Thousands of civilians flee raging battle for Falluja

Reports of ISIL using civilians as human shields in the besieged Iraqi city, as the number of civilians who have escaped reaches 3,700.
31 May 2016
UNHCR staff distribute emergency aid to newly-displaced families from Falluja at al-Iraq camp, Ameriyat Al-Fallujah, Anbar, Iraq.

BAGHDAD, May 31 (UNHCR) – The number of Iraqis who have escaped the besieged city of Falluja his risen to around 3,700, the UN Refugee Agency said today, noting reports that hundreds of families still trapped in the city are being used by ISIL militants as human shields.

Falluja, which lies around 60 kilometres west of the capital, Baghdad, was the first Iraqi city to be taken by ISIL in a January 2014 offensive. Since then, more than 3.2 million people have been displaced across Iraq.

UNHCR spokesperson William Spindler told a news briefing in Geneva on Tuesday (May 31) that around 3,700 people – 624 families – have fled Falluja since the new offensive by Iraqi forces to retake the city began last week, according to figures provided by authorities.

About 1,300 of those people are staying in al-Iraq camp in the Amiriyat al-Falluja district in Anbar governorate, where UNHCR is working. Others are scattered in one of several other Government-run camps in the district or are staying with relatives.

Spindler noted that Iraqi forces are helping to transport families escaping the city, and have set up a hotline (195) to provide information to people wanting to leave.

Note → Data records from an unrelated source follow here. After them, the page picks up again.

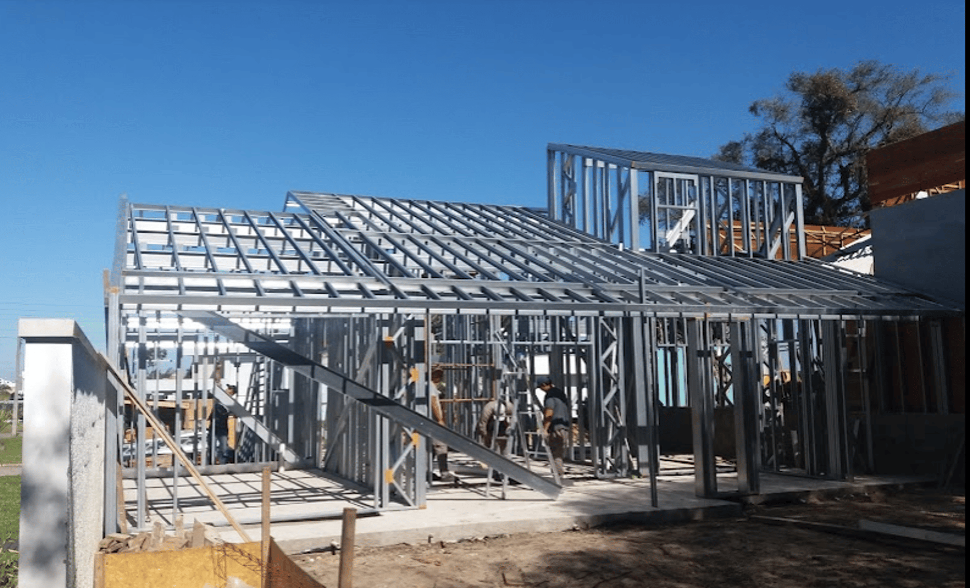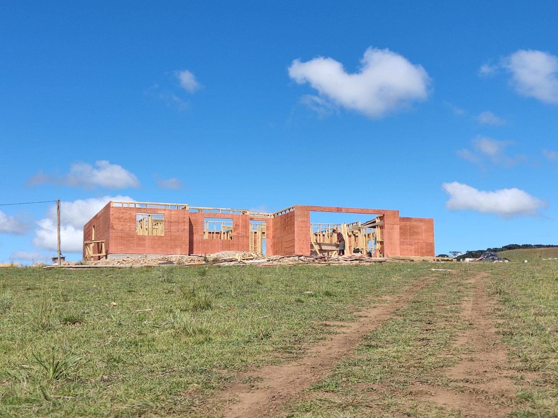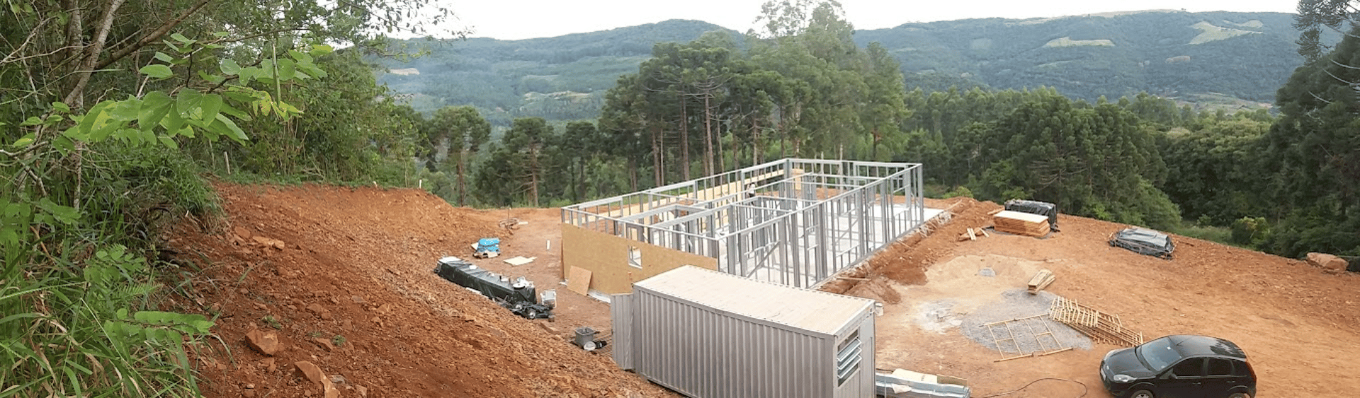 Podemos "enfardar" uma casa de steel ou wood frame em Taquara RS e transporta-la até sua fundação (em qualquer local da América Latina), montar o "grosso da obra" de até 100m² em 8 semanas, você executa todo o restante da construção: fundações, instalações elétricas e hidráulicas embutidas, telhados e acabamentos em geral.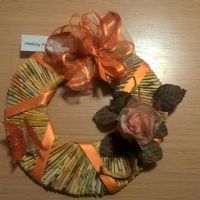 Ghirlanda fatta con cannucce di carta e decorata con nastri fiori e farfalla di vetro. Toni dell''arancione. Circa 20 cm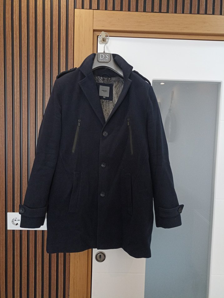 Siyah, düğmeli, erkek midi kaban. Notlu yaka, uzun kollu, rahat kesim, yumuşak ve sıcak kumaştan, günlük kullanım için uygundur.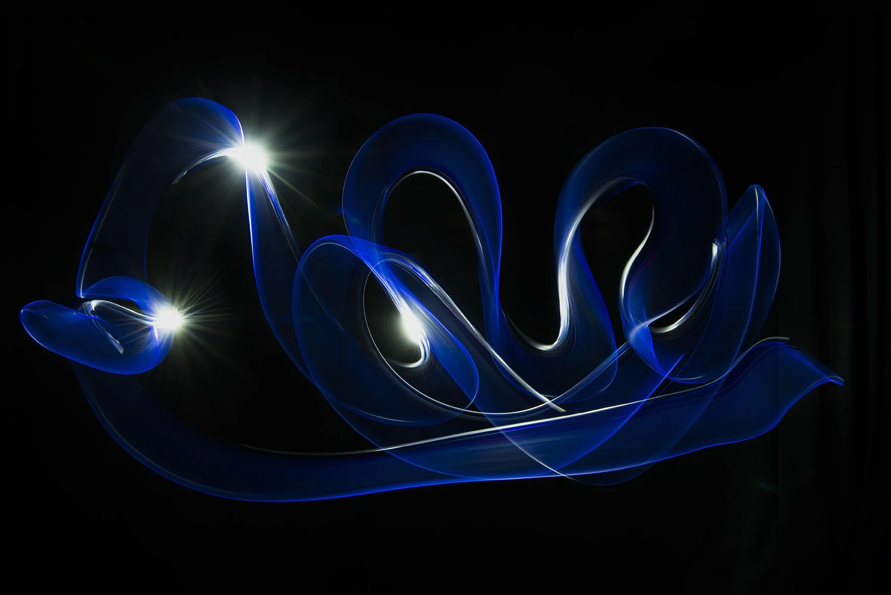 Abstract blue light trails and flares on black background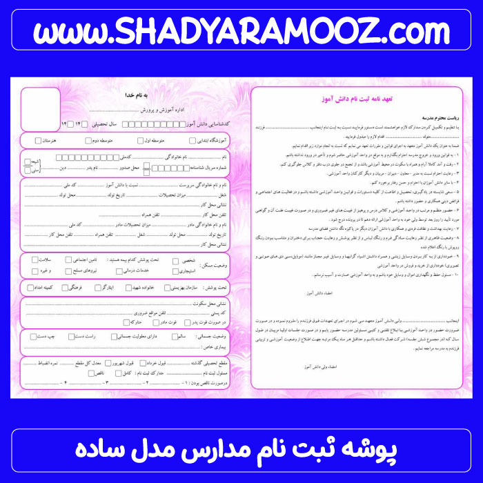 پوشه ثبت نام مدارس مدل ساده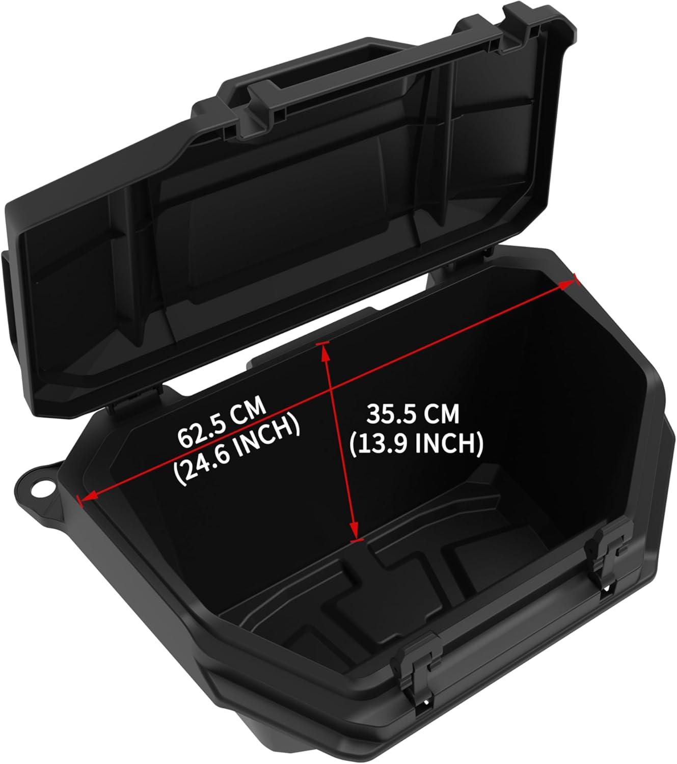 Quick and easy to install and remove by the two lock & ride assemblies at the bottom, a perfect match for your vehicle (please refer to the installation video in the listing before installation); Package include: 1pcs rear cargo storage box with all hardware; NOTICE: This storage box is not a cooler, please notice that before purchasing.

“UNHCR understands approximately 500 men and boys over 12 years old are held for security screening which can take five to seven days. People are being released after this process, and we understand some 27 men were released yesterday (Monday 30 May),” he told reporters at the Palais des Nations.

Between 40,000 and 50,000 civilians still remain trapped inside in Falluja, prevented from escaping by militants as the city continues to come under heavy bombardment by Iraqi forces. In December, routes out of the city were cut off and civilians prevented from leaving.

"There are reports of several hundred families being used as human shields by ISIL in the centre of Falluja."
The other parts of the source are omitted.